Is Psi a Consistent Phenomenon?
I think that it is very interesting to examine whether psi seems to
be a consistent phenomena, and Radin makes some remarks about this. For example
in connection with experiments where a person is trying to influence the
tossing of a die or a RNG, Radin notes that (page 141):
However
I fail to see why we should expect the same effect sizes in these two types of
experiment. A RNG is, after all, radically different from a die. But let’s humour
Radin and accept that we should expect similar effect sizes in different
experiments. If we do this it seems extremely odd that the Superbowl field
consciousness experiment gets results that have odds nearly 100 times lower
than the 1995 Academy Awards field consciousness experiment, and why is the
1996 Academy Awards field consciousness experiment results also much lower than
those from 1995?
In connection with an
experiment where RNG data was recorded during an Olympics opening ceremony,
Radin states that all of the ceremony were of high interest, but nevertheless
the odds were very low in the first half of the broadcast, while in the O.J.
Simpson experiment significant results are argued to be achieved at once. Why
does it take two hours to obtain really unlikely results in the Olympics
experiment, while they were obtained instantaneously in the O.J. Simpson
experiment?
Similarly
the fact that the odds change between high and low interest periods in the
Academy Awards experiment seems to indicate that results should be immediate,
but as mentioned this isn’t the case for the Olympics experiment. And why don’t the odds drop to chance levels at once after
the ceremony ends, when this seems to happen in the other experiments?
We can also compare the results from the Superbowl experiments with
the Olympics experiment. In the Superbowl experiment very low odds are
obtained. Radin states that this is because there really aren’t very big
differences between high and low interest periods during a Superbowl broadcast, because it is fast moving all
the time and even the commercials are supposedly interesting.
So we can conclude that if everything is interesting then large odds won’t be
obtained. In the Olympics broadcast, however, all of the broadcast is deemed to
be interesting, but very large odds are obtained nevertheless.
Why doesn’t Radin point out that these results seem to be inconsistent?
There
are other inconsistencies in Radin’s results and arguments.
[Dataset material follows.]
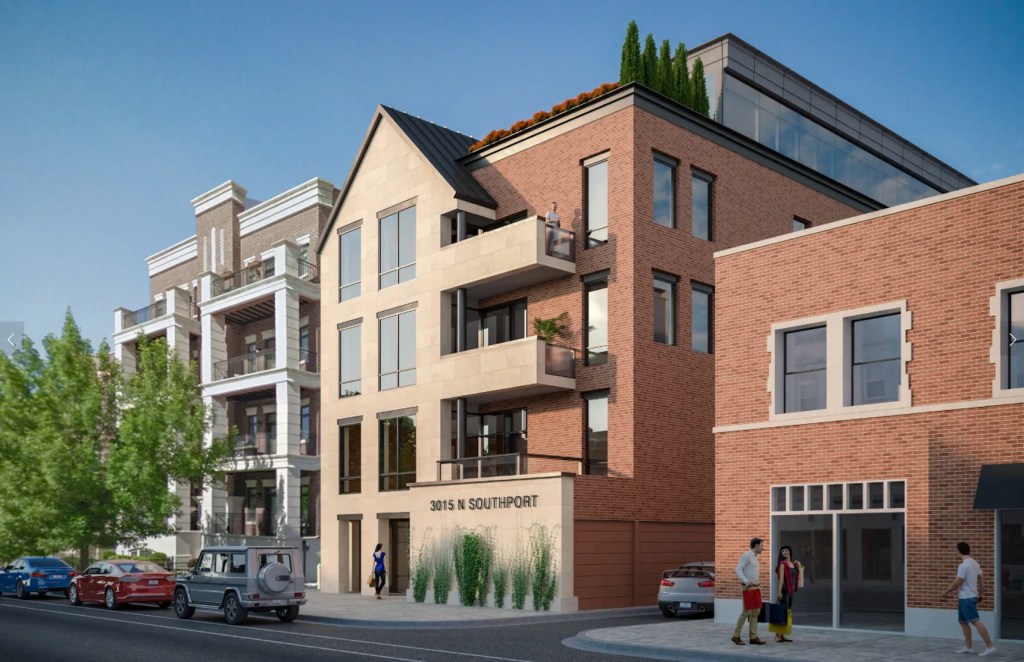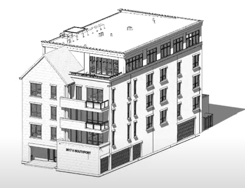 Designed by OKW Architects, the new construction will be a five-story residential building. This is the secondary phase of an adjacent reuse project at 3001 N Southport Avenue. The project will hold seven residential dwelling units and 13 parking spaces. Six of the parking spaces will be used for the adjacent property.

In connection with
the field consciousness experiments Radin
states (on page 161) that attempts to focus on influencing the RNGs can destroy
the effect on the RNG. But then I would like to know how the experiments where a
human is to intentionally alter the output of a die throw or a RNG are possible.
Because in these experiments the participants do in fact focus.
These two things seem to contradict each other, but Radin doesn’t seem
to notice this.
On page 173 Radin writes that he has assumed that the global
consciousness effect is "non-local, meaning that it would not drop off with
distance." Combine this with the fact that 40 people can produce
significant effects by attending a comedy show, and we reach the conclusion
that RNGs should always give significant effects, because it is hard to imagine
that there isn’t some interesting event going on with at least 40 people somewhere in the
world at any given time. So the RNGs should be outputting significant results
all the time, but this is clearly not the case, so Radin's assumption seems to
be contradicted.
Furthermore, if field consciousness is non-local then why doesn’t it
seem to influence the other psi experiments where a test subject attempts to
influence a die or a RNG? If non-local field consciousness is to be taken
seriously, then it seems to me that it should be taken into account in these
other experiments.
It is also interesting to consider the consequences of the
experiment that Radin seems to believe establishes a connection between gravity
and ESP potential. The gravity fluctuations considered in this experiment are
the changes due to the lunar cycle. But, as argued before, gravity changes more
during the Earth’s rotation than it does if one looks at the same time of day during a lunar cycle. So if the lunar cycle has any influence, then the time
of the day should a have much larger influence on psi ability than the lunar
cycle. This should then be considered a very important factor in every psi
experiment, but it seems that this is never considered. The geographical
location of a laboratory should also be significant since the gravity is
stronger at the Equator than at the poles, but this factor also seems to be
neglected. Similar issues arise in connection with the lunar cycle and GMF.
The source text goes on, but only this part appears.